We might add that the appellees did not offer to prove that the denial of the rezoning request deprived them of all beneficial use of the property, a recognized ground for rezoning. Frankel v. City of Baltimore, 223 Md. 97, 162 A.2d 447. Clearly the fact it would be more profitable to the owners to use the land for multiple-family medium density residential is not controlling if it can be used reasonably for the purposes for which it is already zoned. Reiskin v. Mont. County Council, 229 Md. 142, 182 A.2d 34; Mont. Co. Council v. Scrimgeour, 211 Md. 306, 127 A.2d 528. The Ertters have resided for several years on the property in a single family residence.

Furthermore we do not think that the paving of an area of the armory lot, stressed by the appellees, made the necessity for rezoning the property less debatable, when that factor was considered by the district council.

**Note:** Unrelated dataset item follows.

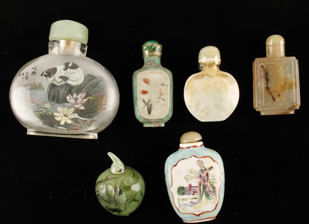 Lot of 6 various snuff bottles. Est.: $200-$400.

From the record before us we think the heavy burden placed upon the appellees was not met by them. There was substantial evidence to sustain the determination of the district council in denying the rezoning. Whether that evidence was to be relied on, what inferences were to be drawn from it, and whether those which the council drew were right or wrong was beyond the scope of judicial review. Wakefield v. Kraft, 202 Md. 136, 96 A.2d 27.

Order reversed, costs to be paid by appellees.